Crossing Party Lines: Sen. Lisa Murkowski, R-Alaska, who once supported a constitutional amendment defining marriage as between one man and one woman, now says same-sex couples should be allowed to wed. In an op-ed posted to her website Wednesday, the senator explained her new position. “The Supreme Court is set to make a pair of decisions on the topic of marriage equality shortly, and the national conversation on this issue is picking back up,” she wrote. “This is a significant moment for our nation when it comes to rethinking our society’s priorities and the role of government in Americans’ private lives and decisions, so I want to be absolutely clear with Alaskans. I am a life-long Republican because I believe in promoting freedom and limiting the reach of government. When government does act, I believe it should encourage family values. I support the right of all Americans to marry the person they love and choose because I believe doing so promotes both values: it keeps politicians out of the most private and personal aspects of peoples’ lives — while also encouraging more families to form and more adults to make a lifetime commitment to one another.” Murkowski, along with Rob Portman of Ohio and Mark Kirk of Illinois, are the only three Senate Republicans who have voiced support for gay marriage. (Read more)

She Means Business: Sen. Elizabeth Warren, D-Mass., announced on the Senate floor Wednesday that she would be voting against President Obama’s nominee to head the country’s trade office, Michael Froman. Warren’s reason: Froman denied a recent request she made that a major Asia-Pacific trade agreement involving the U.S. be more transparent to the public. “I am voting against Mr. Froman’s nomination later today because I believe we need a new direction from the Trade Representative — a direction that prioritizes transparency and public debate,” she said. “The American people have the right to know more about the negotiations that will have dramatic impact on the future of the American economy. And that will have a dramatic impact on our working men and women, on the environment, on the Internet.” (Read more)

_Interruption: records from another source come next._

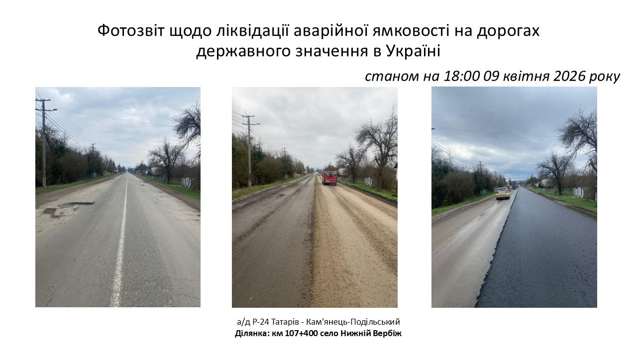 Також роботи тривають на дорозі Р-20 Тязів — Старі Кути в межах Городенківської громади. Там застосовують пневмоструменевий метод для ліквідації ямковості.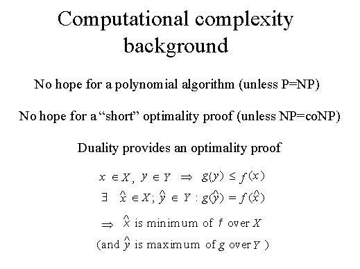 So, what we know is that there is no hope for a polynomial algorithm for integer linear programming unless of course NP is equal to P. And at the same time there is no hope for a short optimality proof. For example, an optimality proof is provided by duality. In this case we have two sets and two functions. We know that each one is upper bounded by the other one and we know there exist two points, hat x and hat y, such that the inequality turns into an equality. So, the implication is that hat x is a minimum of f(x) and a the same time hat y is a maximum of g(y). If we are able to find things of this sort, then once we have a solution we are able to prove its optimality. |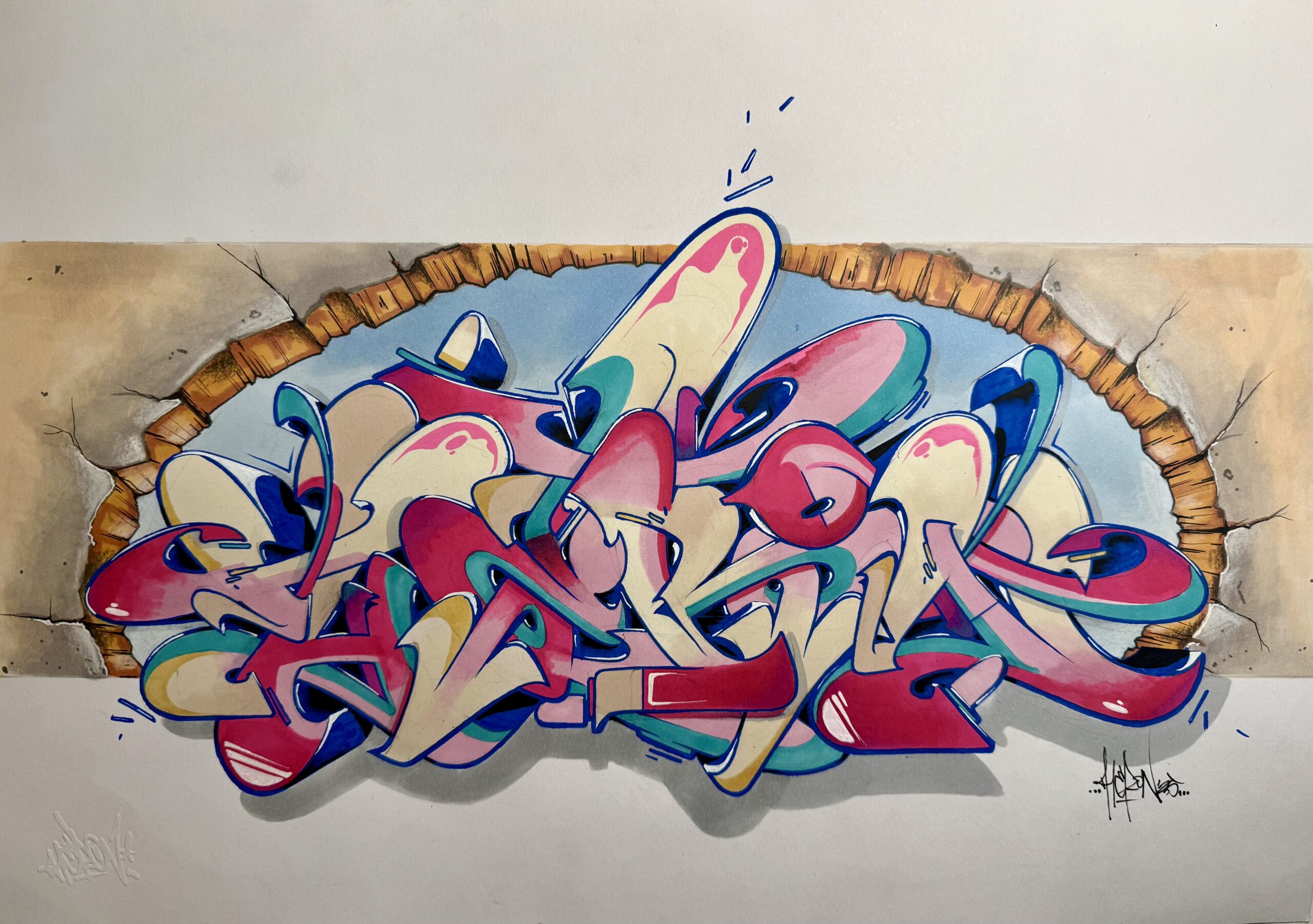 The Wall 2025 is a vibrant and dynamic sketch created by Theron in 2025, crafted with a blend of alcohol markers and acrylic markers. The artwork bursts through its stone-textured backdrop, transforming the surface into an explosion of fluid shapes, bold color transitions, and expressive movement.

Open Mic: After a congressional hearing on the National Security Agency’s controversial surveillance program Tuesday, things got a little chummy between NSA Director Keith Alexander and FBI Deputy Director Sean Joyce. Thanks to a hot mic (oops!), Alexander was overheard offering Joyce praise for his testimony. “Thank you, Sean,” Alexander could be heard saying. “Tell your boss I owe him another friggin’ beer.” The exchange was caught by journalist Ben Doernberg, who was the first to report it. (Read more)

Role Playing: In a speech Monday on the House floor supporting the Defense of Marriage Act that was filled with ideas possibly ripped from the 1950s television series “Father Knows Best,” Rep. Phil Gingrey, R-Ga., suggested that children be taught about traditional gender roles in marriage because, in his warped view, dads do some things “maybe a little bit better” than mothers. He argues that young girls and boys should be taught “at a very early age” that “this is what’s important” for their gender. Gingrey, the leading GOP candidate in Georgia’s Senate race, added that he believes for families to thrive, children need to have fathers and women need to have husbands. Think Progress debunks Gingrey’s claims: “While Gingrey is right that each parent brings different strengths to a family, his suggestion that only opposite-sex couples can bring complementary skills is nearly as archaic as his view that children should be taught to conform to his outdated view of gender roles. And despite his assertions, the gender of parents has never been proven to be a relevant factor in the quality of parenting.” (Read more)

Video of the Day: Sen. Jon Tester, D-Mont., has consistently spoken out against the Supreme Court’s Citizens United decision. And on Wednesday, he put his money where his mouth is by introducing an amendment aimed at ending corporate personhood. “Montanans expect real people and their ideas — not corporations and their money — to decide our elections,” Tester said in a video posted to his site. “The Citizens United decision undermines Montana values and distorts the democratic process. Montanans rejected corporate control of elections a century ago, and I’m proud to join them in standing up for our long-held values.” Sorry, Mitt Romney … Tester’s right. Corporations are not people.